Our article entitled "The effect of long-term exposure to microgravity on the perception of upright" was published in the journal npj Microgravity. The Nature Research team had a few questions for us about our article, which we have answered below.
What was the main aim of your research and why did you decide to investigate this?
Going up into space is a highly disorienting experience. My Multisensory Integration Lab at York University in Toronto, in collaboration with others at York and at MIT, has long had had an interest in what happens in microgravity. Our perception of upright is determined by a multisensory process in which information from visual cues, gravity cues and the perceived orientation of the body are combined. Visual cues include seeing the ground plane but also seeing the arrangement of objects where some lie on top of others and everything is anchored to the ground. The direction of gravity cues can be sensed by the vestibular system in the inner ear and pressure cues from the support surface. There is also a background assumption that the body is upright and that gravity is acting along its long axis. These are combined to provide the brain with the best guess about the direction of up. To investigate how this is done we can easily manipulate or remove visual cues but removing gravity can only be done using extended periods of free-fall provided by the International Space Station (ISS). The main aim of the research was to see how visual and body cues to orientation are combined in the absence of gravity.
It is important to know how this is done to tell us about how these cues are normally combined on earth and to understand the effect of losing gravity cues in clinical conditions in which there is damage to the gravity sensing organs.
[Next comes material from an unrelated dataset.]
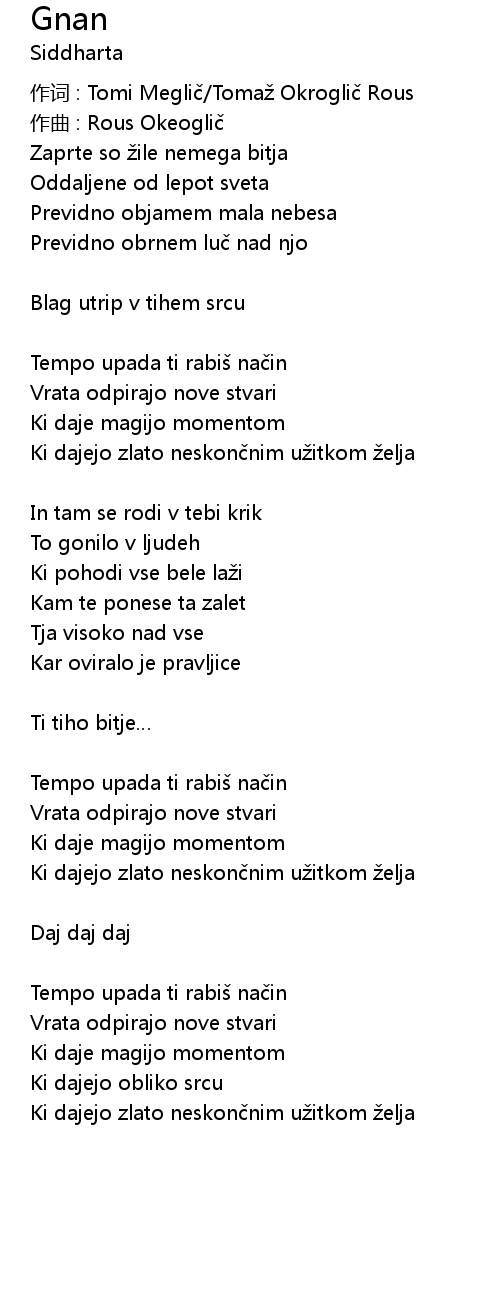 | 作词 : Tomi Meglič/Tomaž Okroglič Rous | |

Our results may also be of practical use to help design countermeasures to the disorientation experienced by astronauts. Disorientation is not only unpleasant and disabling but can also represent a potential safety hazard when astronauts need to be able to orient appropriately in emergency situations.
How did you go about designing your study?
In order to measure perception of orientation we needed a test that could be performed in space. The conventional test, the subjective visual vertical, involves lining up a line with “the direction in which a ball would fall”: this was clearly not suitable for use in space! We therefore developed a new test: the Oriented Character Recognition Test (OCHART), which takes advantage of the fact that some characters, e.g., the letter p, are ambiguous. Their identity (p or d?) depends on the character’s orientation. It turns out that the orientation at which such a character is least ambiguous depends on gravity, the body and visual cues to upright. On earth the various cues to orientation (vision, gravity and the body) can be arranged to indicate different directions so that the relative contribution of each can be assessed. For example lying on ones side makes the gravity and body cues orthogonal to each other. Visual cues can be arranged to be in any direction by using a screen viewed through a circular aperture to remove other visual cue. In space only the visual cue needed to be manipulated. Therefore, all the astronauts had to do was to identify the character, presented in a range of orientations when it was presented on a range of visual backgrounds of different orientations relative to their body. In order to look at the effect of being in microgravity we measured their performance before their mission, as soon as we were able after they arrived on Station, after they had been there for a few months and when they returned. Results were compared to a control group who were measured at the same intervals on earth.
What challenges did you face?
Most of the equipment that was needed for our experiment was already available on Station in the form of the CogniHood. This is a laptop in which the screen is viewed through a circular aperture (thus removing other visual cues). All we needed was to send up the software on a DVD to run on the machine. A major unexpected challenge that we faced was that the software would not install on the CogniHood laptop! It turned out that the operating system on the laptops was not compatible with our DVD – a situation that no one at NASA or CSA had anticipated. Luckily our first astronaut subject was sympathetic to our plight and agreed to run the experiment in his personal time if we could get it installed within 12 hrs. We managed to find a work-around and with NASA’s assistance (and approval) were able to send up a modified version of the software in time.
What were the key findings from your research?
Remarkably, no changes were observed in the astronaut’s perception of the direction of up during their missions. This indicated an impressive adaptability to a microgravity environment in which the dependence on visual cues to orientation was rapidly reduced to maintain its original, on-Earth relationship to the body. However, we found that this reduced emphasis on vision persisted for up to four months after the astronauts returned to earth indicating that readjusting to Earth conditions may take longer than previously thought.
What next? What further research is needed in this area?
How to maintain orientation in the absence of gravity and to reduce space sickness, which is though to be related to this issue, remains an important research topic in the space environment. Many studies are underway to address this problem using artificial stimulation of the gravity sensing organs such as providing artificial gravity by means of a centrifuge or stimulating the vestibular organs directly with electrical current. We are concentrating next on the visual cues. In a planned series of experiments on the ISS we are looking at the possibility of stimulating the balance organs using visual cues. In a virtual reality environment, we plan to give astronauts a visually induced sense of acceleration and see whether that can be used as an alternative gravity cue.